Monday, March 2

Know Thy Family


“Leave the gun. Take the cannoli.”

In some twisted modern NFL appellation, Bill Belichick is the Godfather.

Or, at least, the trade that sent Matt Cassel and Mike Vrabel to Kansas City, Scott Pioli’s new project, for a mere second round draft pick highlights that Belichick ascribes to a similar honor code as the Don Corleone.

I mistakenly clicked on Jay Mariotti’s column where in tones venomous and paranoid he accused the New England-Kansas City trade of amounting to collusion. (I refuse to link the column here and don't recommend seeking it out.)

Perhaps, though it seems a stretch. Pro football is a world of honor codes and backroom deals. That fact may anger the more nebbish among the press corps, but it is a reality nonetheless… certain teams simply won’t work with one another – can you imagine a trade between the Raiders and Broncos? – and the moves transacted away from the football field play into the larger game among and between the league’s 32 teams.

I guess the question is really what game is Belichick playing?

I hesitate to call Belichick’s regime at the Patriots “ethical” for obvious reasons. Spygate dismisses that term out of hand.

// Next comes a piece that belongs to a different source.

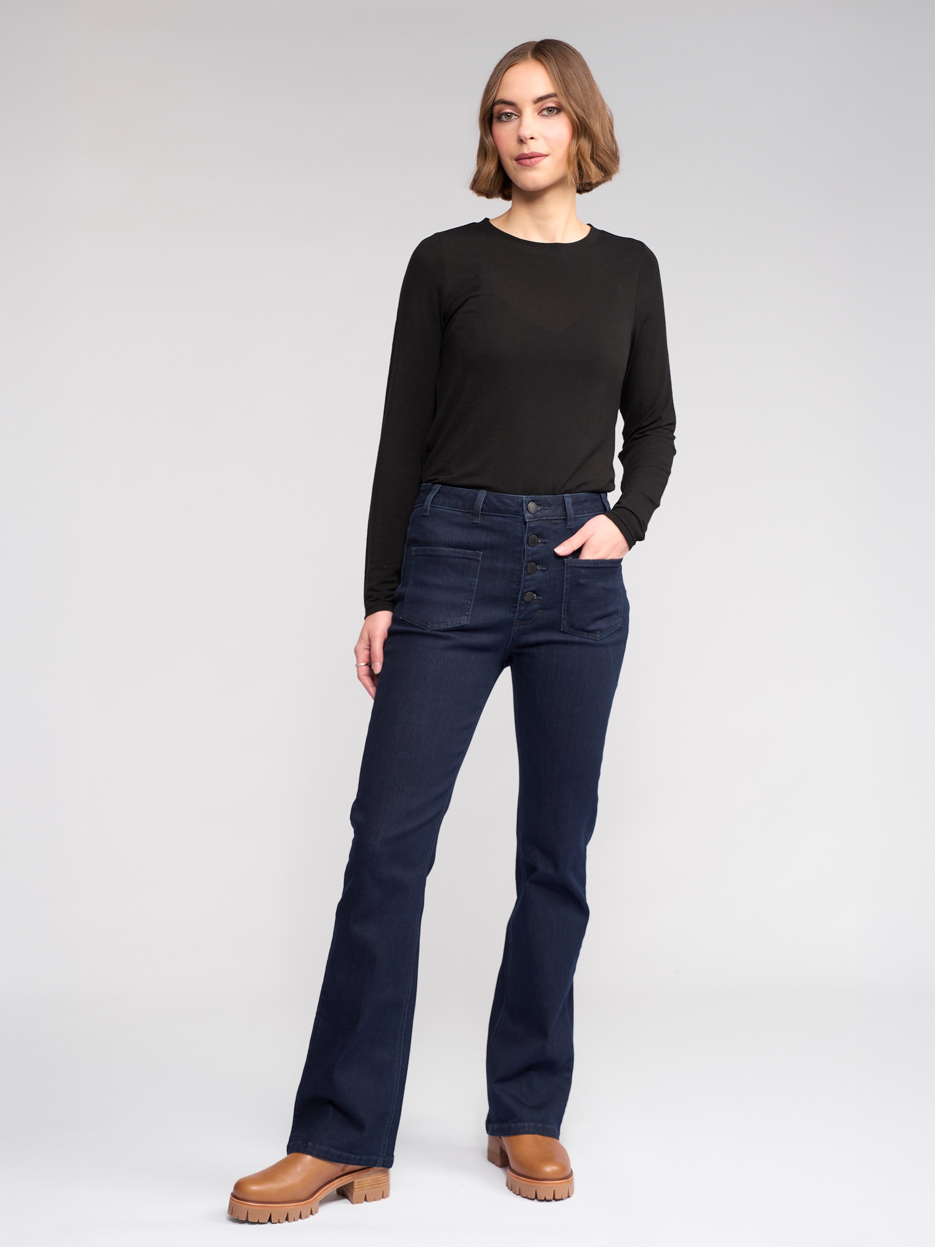 Full-length bootcut jean in Ink Denim, a dark blue wash. Cut from stretch denim for a comfortable, flattering fit.

But Belichick’s tour around the league from the Giants to the Browns to the Patriots displays a distinct and consistent character. My man Zac at Throwing Into Traffic hit the nail on the head when he referred to the Belichick Mafia. Belichick adheres to an almost tribal sense of what’s right, loyalty foremost, whether or not the substance of those actions fall within the pale of rightness.

David Halberstam’s Education Of a Coach goes to great lengths to portray Belichick as a man of principle and the Patriots success as a reflection of those commitments. It’s an old school repose netting a new school boon.

Halberstram’s book was published a full two years before Spygate broke to the general public, the repeated references to the mountains of tape Belichick and cohort Ernie Adams wade through taking on a sinister meaning in retrospect.

Where Halberstam tried to sell Belichick as a principled free thinker, drawing on the lessons of the past to avoid the mistakes of the present, through a glass darkly we now see Belichick as possessing a complex relationship with morality but still a strict code with responsibilities and rewards.

Eric Mangini’s departure to the AFC East rival Jets is painted as defection. Perhaps Josh Daniels’s move to the Broncos is desertion as well. Not so with Pioli and Romeo Crennel who moved on with Belichick’s blessing.

Of course, the real problem is assigning higher morality to professional sports. Outside of sportsmanship, morality becomes murky when coaches and players are saddled with the singular commandment to win and win often. No doubt, we do invest professional sports with our ideals as we look to athletic grace and strict rules to reinforce some notion of how the world ought to be. But then of course is the matter of men as they are versus how they ought to be.

It should be noted in this mini drama played out that Belichick is not only doing right by Pioli, his long time second-in-command, but also his young now former quarterback.

Instead of following Cassel's coming out season with more toil behind the Golden Boy Tom Brady or exile to some backwater like Detroit, Belichick sends Cassel to a familiar newness, surrounded by Belichick people. That truth is lost in a bit of this back-and-forth bluster.

What does the move mean in football terms? The skinny on Cassel and his skills translating to other non-Patriots teams involved the system he flourished in, his discomfort with the five-step drop, and the quality of players and coaches that surrounded his maiden season.

With the Chiefs, a few of those concerns are taken care of. Coach Todd Haley will likely keep Cassel working out of a shotgun in a pass-first dink and dunk system that threatens vertical and burns with draws often enough to allow Cassel ample space to work in the intermidiate portion of the passing tree.

And, of course, before Cassel was appended to the trade, commentators praised the acquisition of Vrabel, an experienced defender to add cache to a very young roster that in all likelihood will become younger over the course of this offseason.

Either way, Belichick continues to remake the NFL to his liking, or impose his preferences where they can imposed. In some sense, it's not the petty squabbling of Packers and Vikings or Broncos and Raiders.

I'm not trying to paint the transaction as heroic or even ethical. It's not. Despite the Patriots PR department trying to spin the trade as simply bad timing on the part of Tampa and Denver, there is however a familiar method to the gesture.

It's a more a question of when do we start sympathizing again with the bad guys. Or rather realize the distance between ourselves and our enemies may not be that great.

2 comments:

Zac said...

Belichick moving from villain to archaic legalist deity is probably going to be my favorite transition of the offseason. Great stuff, as usual.

Cian said...

Haha. Thanks, Zac. It's funny the Pats tried to remake the NFL with this Patriot Way bullshit... this is better (and perhaps more nefarious) plan. I mean, we shouldn't get to Biblical on it... so Belichick as Zoroaster?